• _Provided material_:
——————————

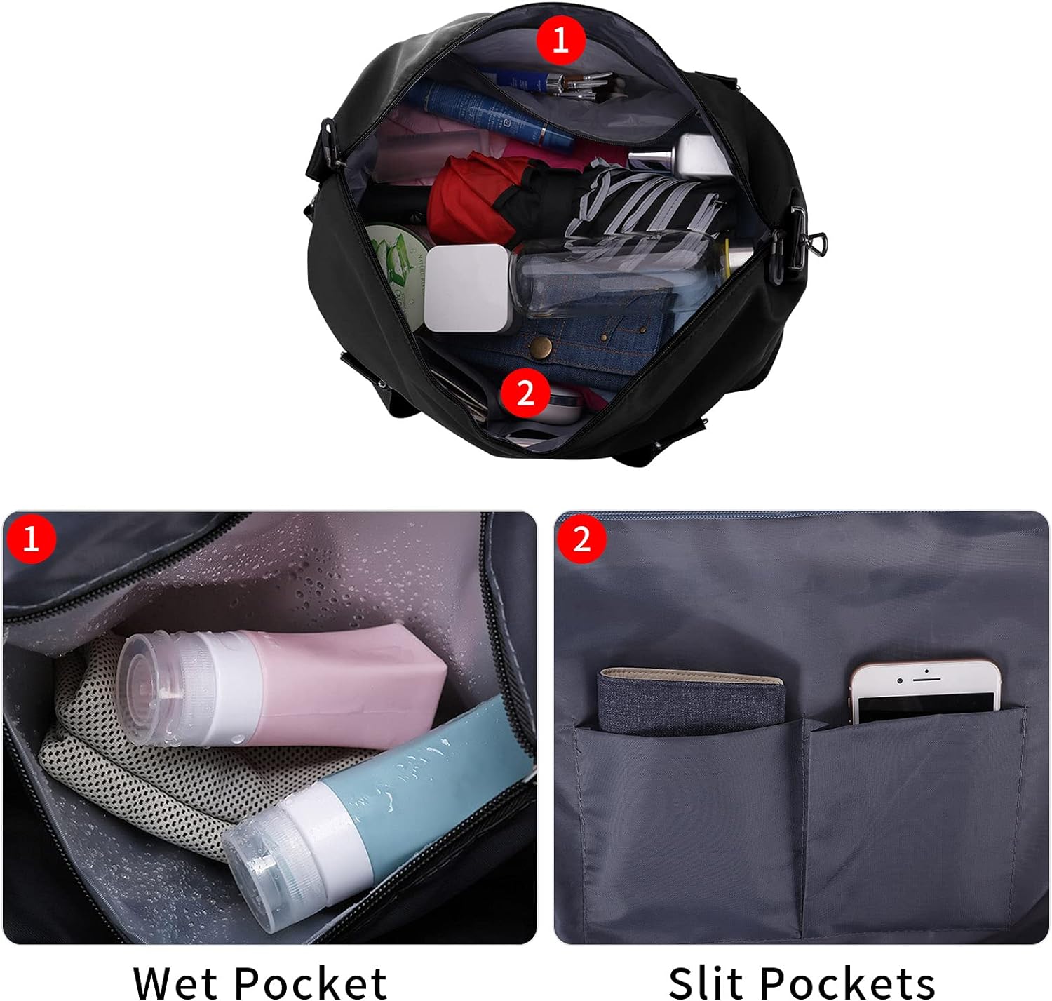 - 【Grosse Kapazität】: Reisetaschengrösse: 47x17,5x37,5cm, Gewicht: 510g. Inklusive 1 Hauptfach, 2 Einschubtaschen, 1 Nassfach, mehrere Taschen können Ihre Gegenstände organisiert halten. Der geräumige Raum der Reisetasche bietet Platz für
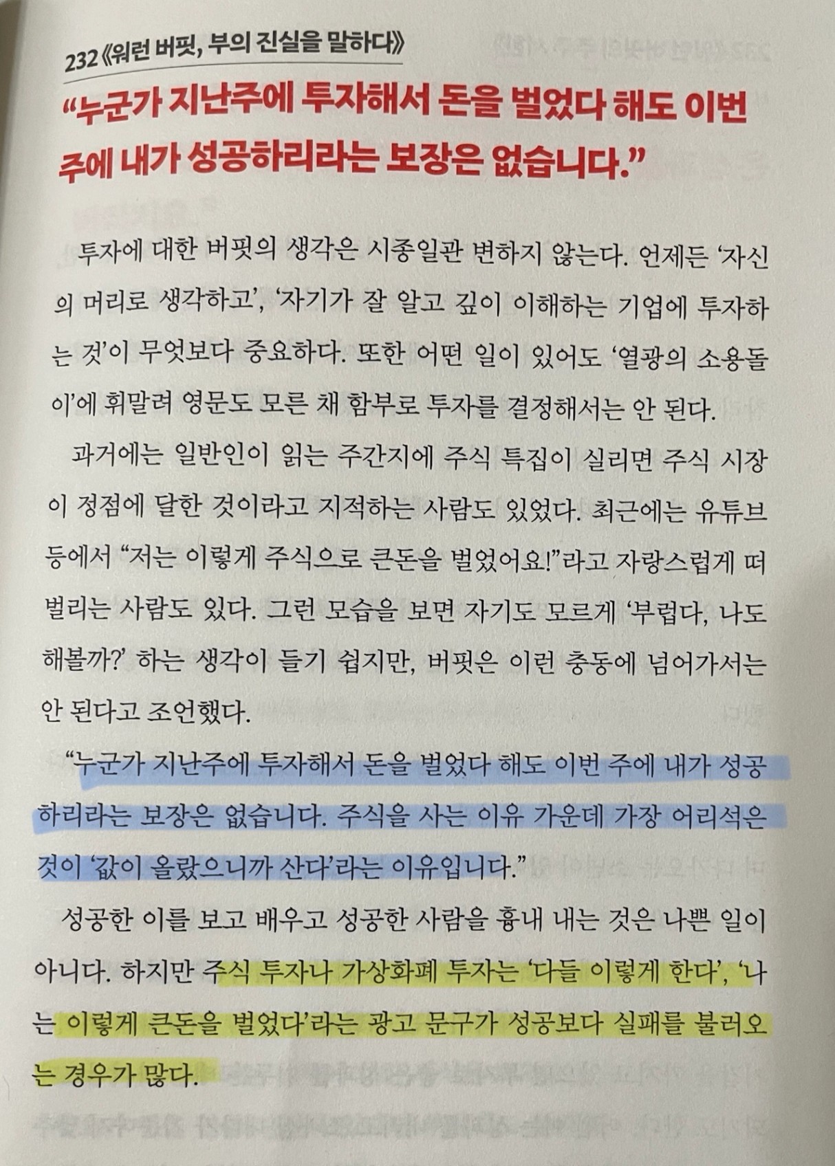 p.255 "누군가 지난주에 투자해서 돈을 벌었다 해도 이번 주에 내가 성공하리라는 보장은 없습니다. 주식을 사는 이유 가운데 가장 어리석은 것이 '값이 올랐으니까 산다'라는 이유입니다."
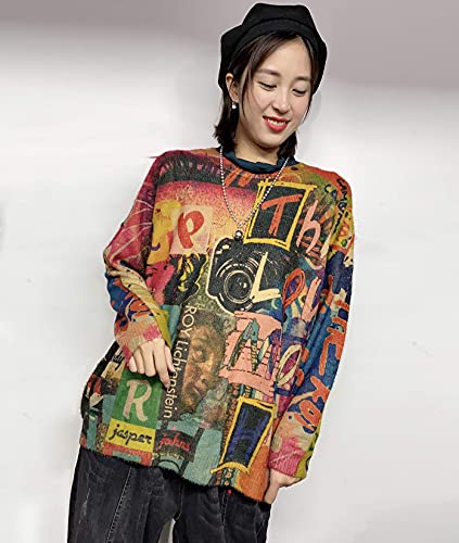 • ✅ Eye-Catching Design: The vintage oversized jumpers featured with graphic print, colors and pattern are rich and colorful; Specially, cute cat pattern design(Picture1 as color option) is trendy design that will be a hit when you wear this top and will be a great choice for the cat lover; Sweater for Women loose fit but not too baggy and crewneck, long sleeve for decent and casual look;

——————————

• _What this task involves_: Reproduce the data word for word, excluding its pictures.

• _Solution to the exercise_:
 - 【Grosse Kapazität】: Reisetaschengrösse: 47x17,5x37,5cm, Gewicht: 510g. Inklusive 1 Hauptfach, 2 Einschubtaschen, 1 Nassfach, mehrere Taschen können Ihre Gegenstände organisiert halten. Der geräumige Raum der Reisetasche bietet Platz für
 p.255 "누군가 지난주에 투자해서 돈을 벌었다 해도 이번 주에 내가 성공하리라는 보장은 없습니다. 주식을 사는 이유 가운데 가장 어리석은 것이 '값이 올랐으니까 산다'라는 이유입니다."
 • ✅ Eye-Catching Design: The vintage oversized jumpers featured with graphic print, colors and pattern are rich and colorful; Specially, cute cat pattern design(Picture1 as color option) is trendy design that will be a hit when you wear this top and will be a great choice for the cat lover; Sweater for Women loose fit but not too baggy and crewneck, long sleeve for decent and casual look;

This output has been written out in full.